Taken together, these implications point to a new era in health. A 21st-century revolution lies not in more pills but in coherence – restoring the fractal rhythm of the hive, clearing the frozen projections of trauma, reconnecting the self to the informational field in which it truly lives.

11. Conclusion: Beyond the Skull, Toward Coherence

The search for memory has taken us from rats and scalpels to neurons and networks, from reductionism to fields, from cells to hives, from fractals to quantum flickers.

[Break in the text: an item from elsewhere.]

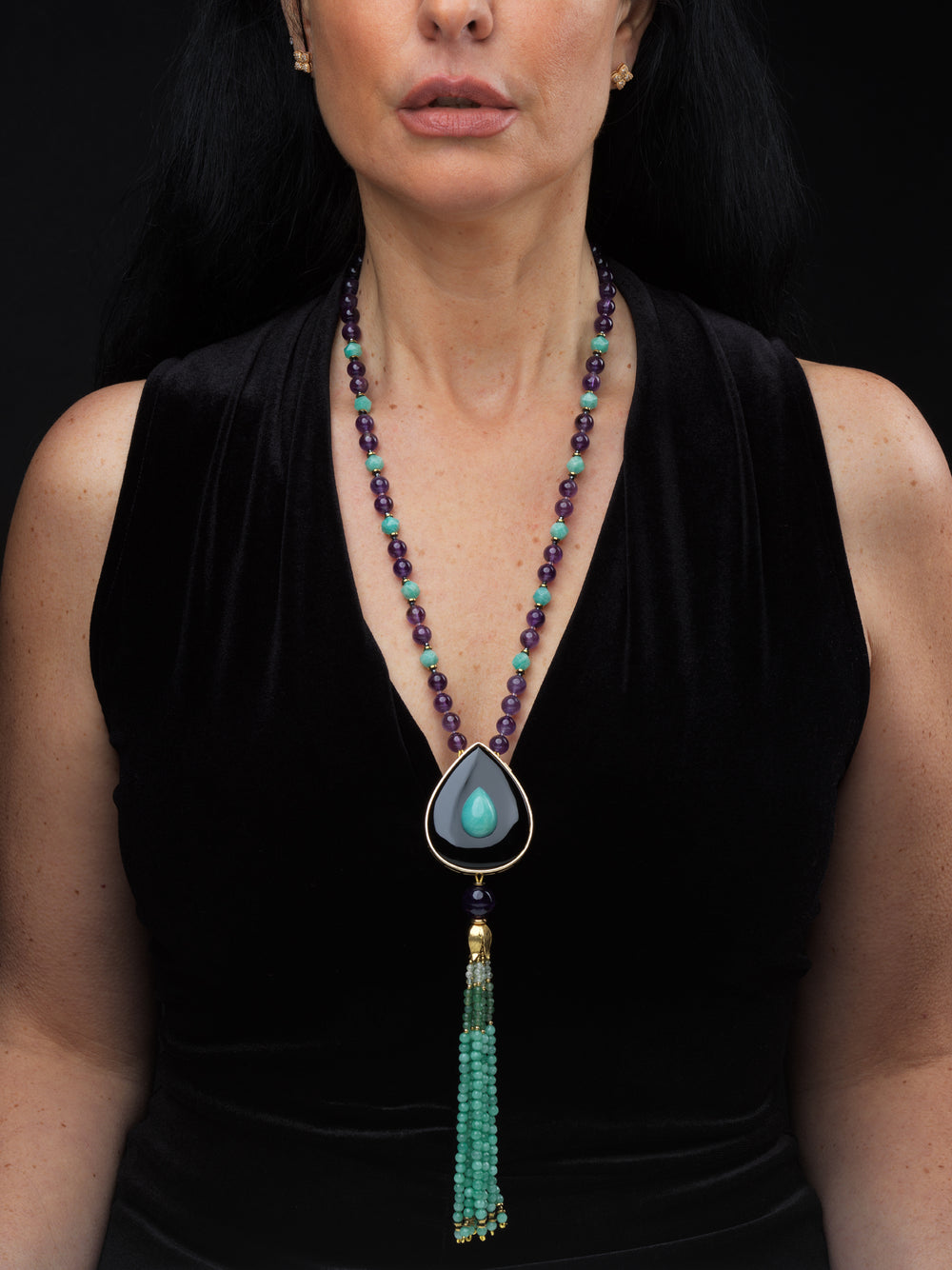 Featuring a bold central onyx crowned with a delicate larimar drop, and framed by vibrant 8mm amethyst and chrysoprase stones. The full-length, hand-knitted necklace is accented with silver elements plated in gold.

The conclusion is as radical as it is inevitable:

  • Memory is not confined to tissue.
  • Trauma is not just in the head.
  • Healing is not just chemical.

We are fractal beings in a flickering universe, plugged into a hive mind, interfacing with a cloud of extracorporeal memory.

EMIs are the frozen files that trap us in loops. Therapy is the release.

The future of medicine, then, is not about controlling symptoms but about restoring coherence. Just as infection control transformed public health, trauma control could transform our age. The astonishing hypothesis is not that we are “nothing but neurons,” but that we are everything but neurons – patterns of coherence, flickering in and out of reality, always more than the sum of our parts.